Sports Pictures of Wednesday, 25 June 2003
Source: .
BBC -- The Bukom area of Ghana's capital Accra - a few corrugated shacks and a dusty square - is a fight town without equal.
Although there is little more in terms of equipment than a rusty ring with a forlorn punch bag swinging from a tree, Bokum has been the breeding ground for countless champions.
Even the school playground has a boxing ring marked out instead of a hopscotch grid.
"It has produced a well-spring of great boxers," Moses Affamoyne, of the Ghanaian Boxing Authority, explained to BBC World Service's Fight Town programme.
World Champions DK Poison and Azumah Nelson both began their careers in Bokum, as did all of Ghana's early boxing pioneers.
There are six boxing clubs in the tiny community - more than many entire nations possess.
"Boxing is the main subject over here," Yofi Barn - without doubt the most successful manager in Ghana, and father-in-law of Nelson - told Fight Town.
"We have a square where all that goes on is arguments about boxing - who is supreme, who beat the others."
The sport developed in Bokum as the pastime of the fishermen.
When they returned from the seas in the evenings they had little to do, and out of that developed a desire to compete with the other quarters of the Gha province.
By the early 20th century, a whole culture had been grown and structured around fist fighting.
After the fights, the winner would be raised high and carried through the streets to celebrate their achievement - and out of this developed Ghana's early champions.
Ankrah moved Ghanaian boxing into a wider arena when he joined the British army and was trained by British boxing trainers.
On his return to Ghana, he taught what he had learned in the army to the community.
In April 1951, Ankrah won the British Empire featherweight title - which, coming just after the release from prison of political leader Kwame Nkrumah, had a huge impact through all Ghana.

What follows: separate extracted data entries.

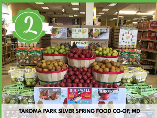
TAKOMA PARK SILVER SPRING FOOD CO-OP, MD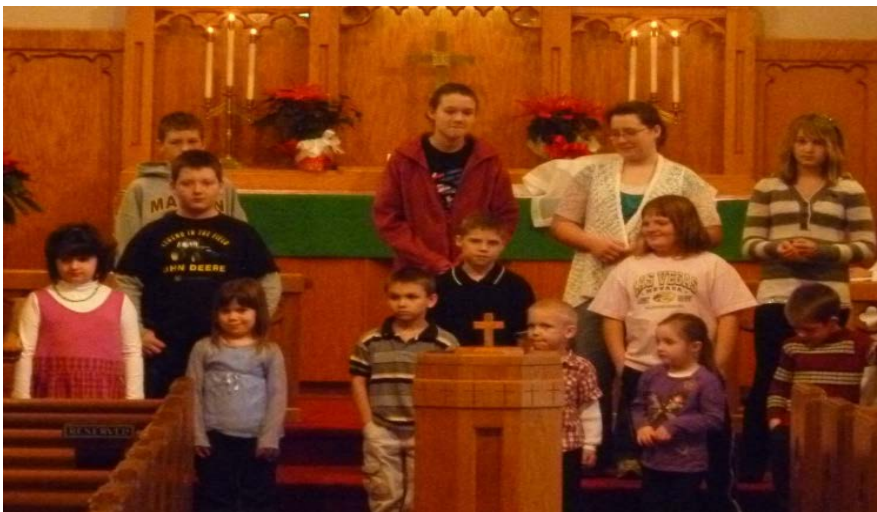
Zion Sunday School Singing- January 22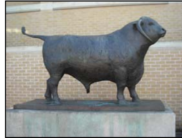
The bull statue outside the Said Business School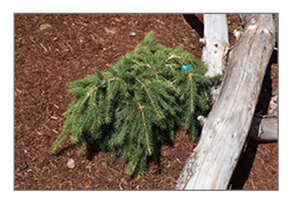
Formanek Norway Spruce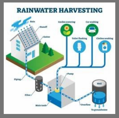
Rain Water Harvesting Service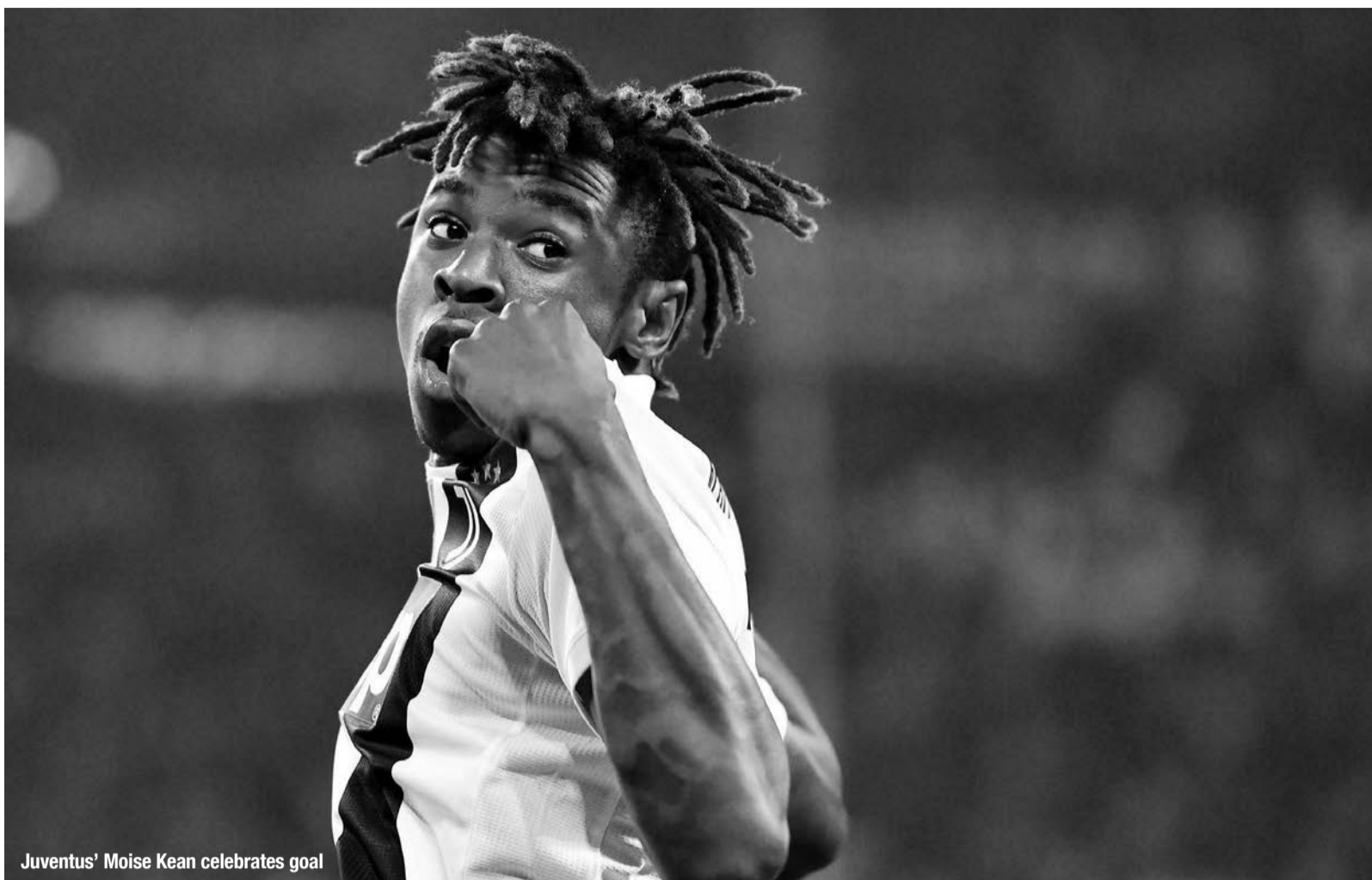
Juventus' Moise Kean celebrates goal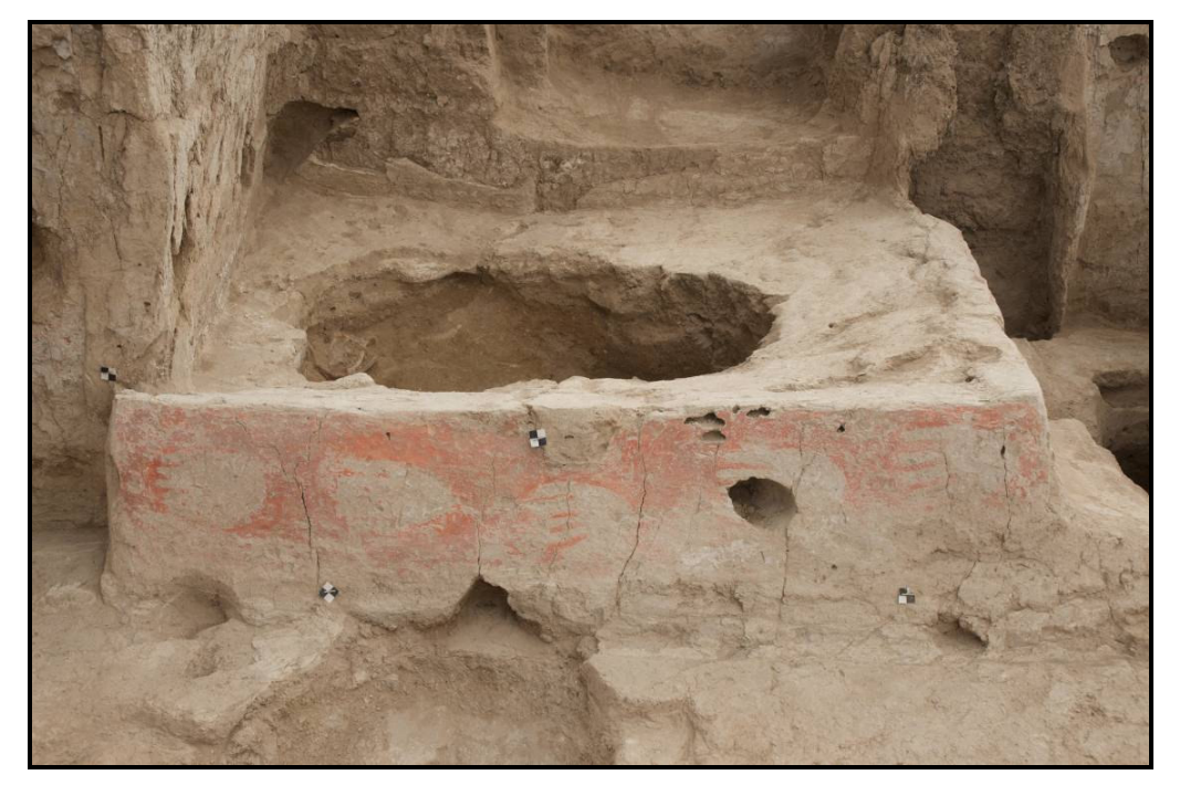
Red painted plaster with hands on area 4040

Mellaart's excavations uncovered a number of relief sculptures , figures modeled in clay on the walls. These include modeled heads of cattle and other animals, as well as a number of representations of the entire body of animal figures, which can be divided into two types: pairs of spotted leopards facing each other and splayed figures. In all cases, the splayed figures' heads, and usually hands and feet, have been knocked off in antiquity. It has never been clear whether these were meant to be humanoid, animal, or a therianthropic blend. A stamp seal found recently at the site strongly suggests that these are animal figures, probably bears.

"You can understand the tremendous influence it had on Ghanaians," said Sammy Okaitey, the Sports Editor of Ghana's Daily Graphic.
"He let all Africans shed the complex they had hitherto had, to believe that it was possible for them to be on their own and do things for themselves.
"Within that context, boxing assumed a huge political dimension."
Subsequently Gitu Robinson bid for the world title.
Although he failed, 10 years later DK Poison became the first Ghanaian World Champion.
And 10 years after him came Nelson.
"You can see the trend, that each decade something unique comes out of Bokum," Okaitey said.
"Fighting tradition in Bokum starts at a very young age," said Rexford Azumah Koffi, a manager of several Bokum prospects.
"It usually starts with kids going out and picking on other kids - which, I should say, is an accepted form of bullying, whereby you have to take it.
"But then, in a matter of time, you also have to get tough out there and try and find someone to bully."
He added that it was this "accepted bullying" that helped Bokum's boxers to develop.
"The more you get bullied, the more important it is to your development," he said.
"Everyone just about survives - everyone has someone on the list as a victim.
"Once you keep going out there and picking on other kids, you're a survivor - and you become a very popular young man.
"Once that happens, you're only destined for one place - the ring."
"You've got to give people hope in life, and for the people of Bokum, boxing is hope," explained Claude Abrams, editor of Britain's Boxing News.
"You go into a run-down gym, and the boxers in that gym have excelled because of the environment - because of the smell, because of the sweat, and the poor equipment, and they think 'I'm going to do my level best to be a champion because this hardship is what I've gone through to get here.'
"They've used that hardship to become better fighters.
"You take that factor away, you could be destroying the actual crux of what's made Bokum function."